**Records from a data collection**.
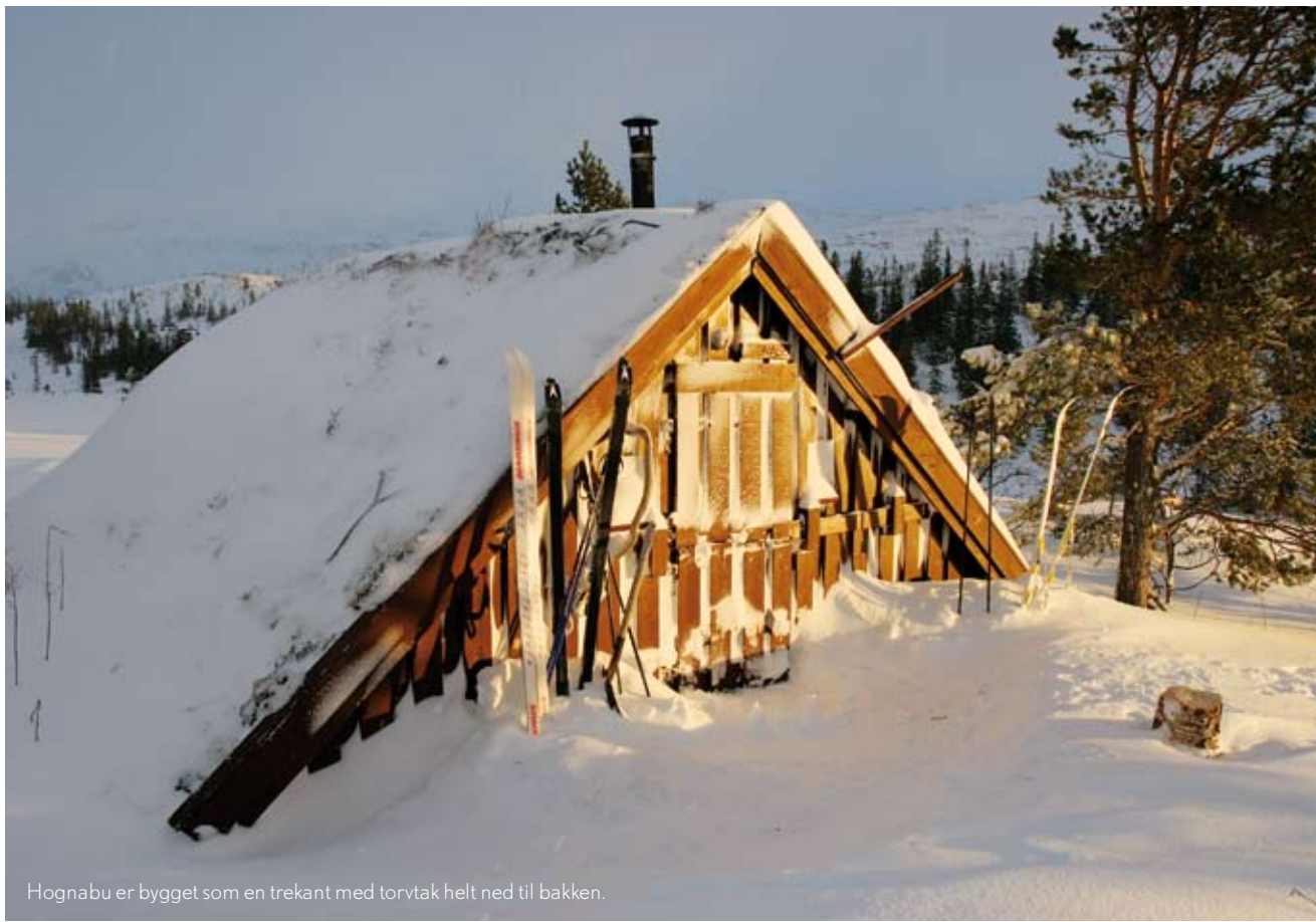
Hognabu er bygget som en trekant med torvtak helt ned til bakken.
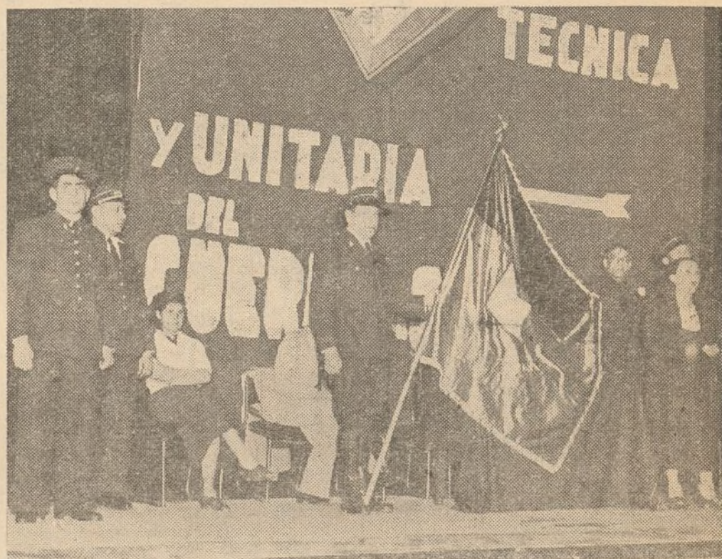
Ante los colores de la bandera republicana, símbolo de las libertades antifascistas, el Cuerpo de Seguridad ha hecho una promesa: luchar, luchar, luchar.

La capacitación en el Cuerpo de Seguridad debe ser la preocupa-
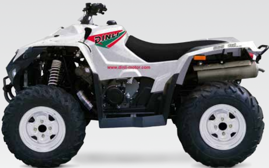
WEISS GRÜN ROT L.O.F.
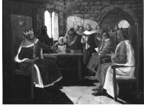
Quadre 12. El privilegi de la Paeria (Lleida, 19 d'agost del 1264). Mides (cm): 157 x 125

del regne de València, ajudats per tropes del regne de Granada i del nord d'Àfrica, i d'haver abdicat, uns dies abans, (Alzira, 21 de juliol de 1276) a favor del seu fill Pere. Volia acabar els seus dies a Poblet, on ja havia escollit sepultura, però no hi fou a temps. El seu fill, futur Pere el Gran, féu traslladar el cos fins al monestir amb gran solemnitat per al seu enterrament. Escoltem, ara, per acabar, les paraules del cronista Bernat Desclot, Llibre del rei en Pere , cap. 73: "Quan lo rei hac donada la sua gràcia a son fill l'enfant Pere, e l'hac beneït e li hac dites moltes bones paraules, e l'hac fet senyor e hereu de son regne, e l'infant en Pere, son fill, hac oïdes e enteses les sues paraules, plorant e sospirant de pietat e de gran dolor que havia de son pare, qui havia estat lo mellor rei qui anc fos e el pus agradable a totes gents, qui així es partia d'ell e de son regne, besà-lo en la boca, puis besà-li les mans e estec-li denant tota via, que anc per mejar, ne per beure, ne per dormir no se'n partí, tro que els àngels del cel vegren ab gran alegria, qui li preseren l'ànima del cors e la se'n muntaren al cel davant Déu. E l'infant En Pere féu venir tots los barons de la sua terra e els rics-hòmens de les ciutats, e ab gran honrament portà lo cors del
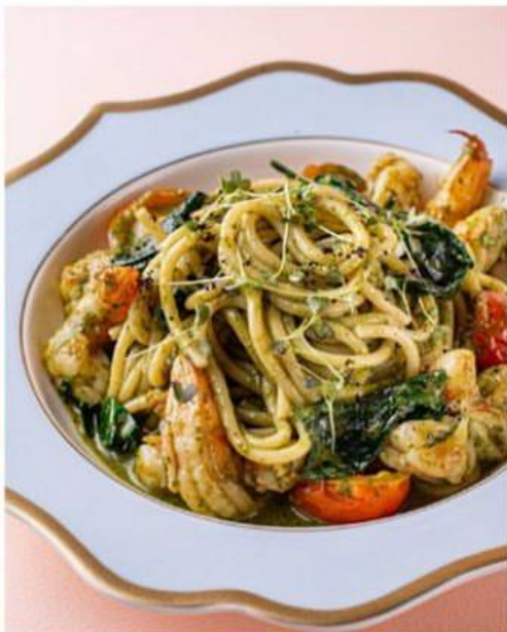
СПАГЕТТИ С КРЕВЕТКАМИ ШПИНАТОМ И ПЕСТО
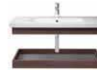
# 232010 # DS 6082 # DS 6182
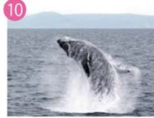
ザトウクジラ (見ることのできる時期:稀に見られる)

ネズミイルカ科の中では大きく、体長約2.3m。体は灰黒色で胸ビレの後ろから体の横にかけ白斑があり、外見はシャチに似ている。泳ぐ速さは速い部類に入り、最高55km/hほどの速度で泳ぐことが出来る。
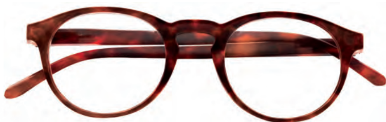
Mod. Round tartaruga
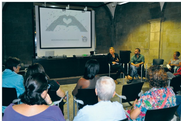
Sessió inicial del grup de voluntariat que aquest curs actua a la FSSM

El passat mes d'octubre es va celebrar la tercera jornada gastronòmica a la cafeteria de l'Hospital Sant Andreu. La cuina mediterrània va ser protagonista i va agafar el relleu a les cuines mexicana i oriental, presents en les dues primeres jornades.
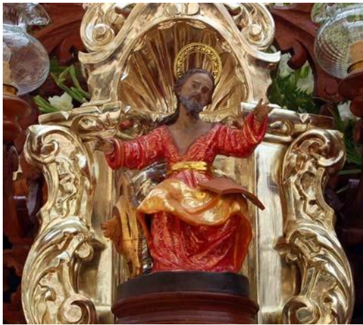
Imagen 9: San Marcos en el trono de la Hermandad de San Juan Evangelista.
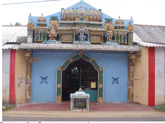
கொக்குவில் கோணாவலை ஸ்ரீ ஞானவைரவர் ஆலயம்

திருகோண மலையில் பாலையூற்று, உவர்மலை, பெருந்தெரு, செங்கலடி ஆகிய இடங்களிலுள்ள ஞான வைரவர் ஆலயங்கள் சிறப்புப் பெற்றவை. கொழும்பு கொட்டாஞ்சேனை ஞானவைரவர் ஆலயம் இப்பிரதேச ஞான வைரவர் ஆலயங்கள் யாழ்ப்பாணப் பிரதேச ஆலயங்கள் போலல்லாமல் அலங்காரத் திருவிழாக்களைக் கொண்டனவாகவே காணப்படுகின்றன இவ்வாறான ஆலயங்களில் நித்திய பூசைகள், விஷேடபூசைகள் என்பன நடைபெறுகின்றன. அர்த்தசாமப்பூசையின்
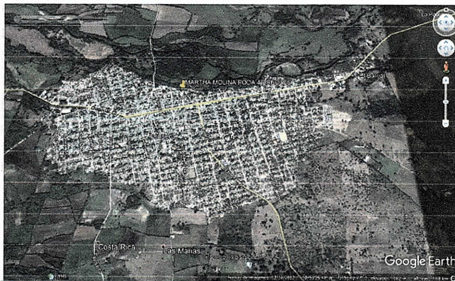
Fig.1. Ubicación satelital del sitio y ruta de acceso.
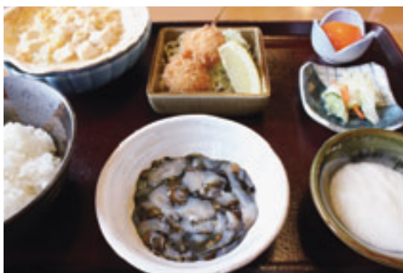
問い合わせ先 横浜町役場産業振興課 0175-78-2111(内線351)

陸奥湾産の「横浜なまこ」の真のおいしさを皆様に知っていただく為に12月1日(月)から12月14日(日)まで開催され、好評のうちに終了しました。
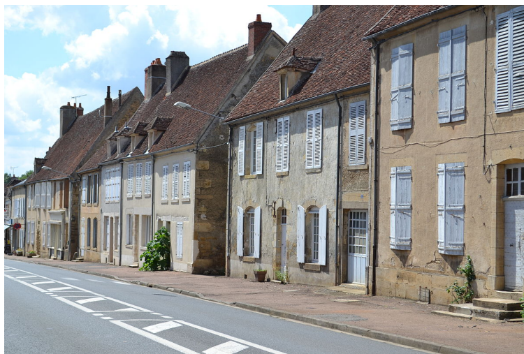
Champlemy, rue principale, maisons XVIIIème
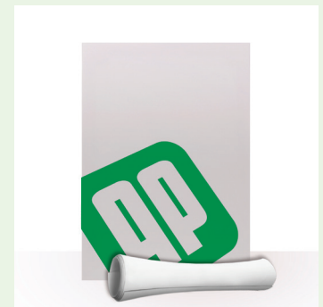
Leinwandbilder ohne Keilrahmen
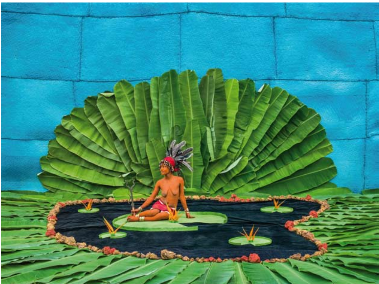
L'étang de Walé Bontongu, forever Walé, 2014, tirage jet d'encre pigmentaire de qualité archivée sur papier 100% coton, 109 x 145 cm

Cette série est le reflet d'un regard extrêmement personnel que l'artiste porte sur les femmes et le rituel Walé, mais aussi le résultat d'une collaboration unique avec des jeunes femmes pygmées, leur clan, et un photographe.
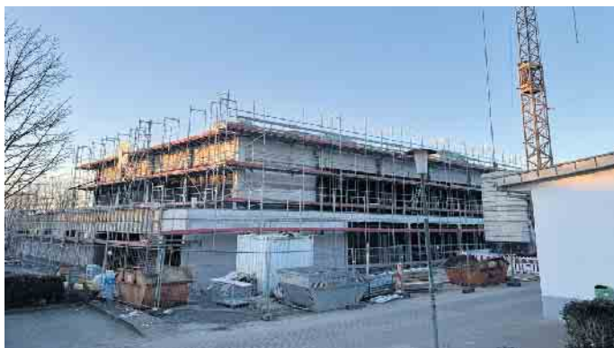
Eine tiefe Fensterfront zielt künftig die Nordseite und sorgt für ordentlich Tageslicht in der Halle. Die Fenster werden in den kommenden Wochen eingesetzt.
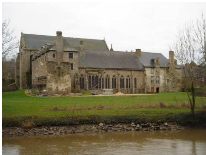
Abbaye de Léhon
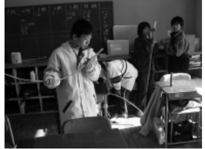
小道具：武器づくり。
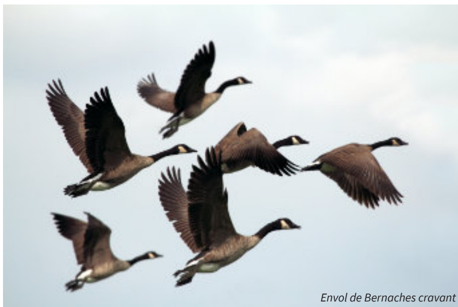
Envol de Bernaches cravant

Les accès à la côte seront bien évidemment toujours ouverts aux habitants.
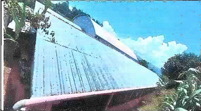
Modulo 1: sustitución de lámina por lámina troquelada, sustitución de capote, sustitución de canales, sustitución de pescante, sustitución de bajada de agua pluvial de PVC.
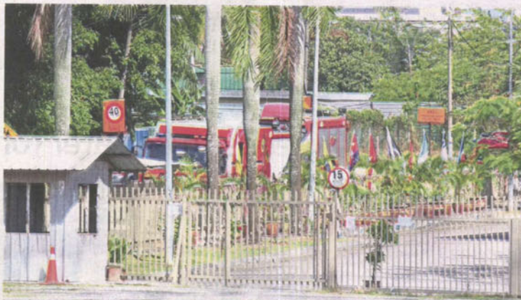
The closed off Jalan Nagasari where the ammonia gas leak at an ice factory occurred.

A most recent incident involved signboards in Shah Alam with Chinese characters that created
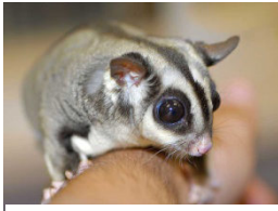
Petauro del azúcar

**TASK OBJECTIVE**.
Search the entries for the word "Walé" and gather every line where it appears.

**PROBLEM SOLUTION**.
L'étang de Walé Bontongu, forever Walé, 2014, tirage jet d'encre pigmentaire de qualité archivée sur papier 100% coton, 109 x 145 cm
Cette série est le reflet d'un regard extrêmement personnel que l'artiste porte sur les femmes et le rituel Walé, mais aussi le résultat d'une collaboration unique avec des jeunes femmes pygmées, leur clan, et un photographe.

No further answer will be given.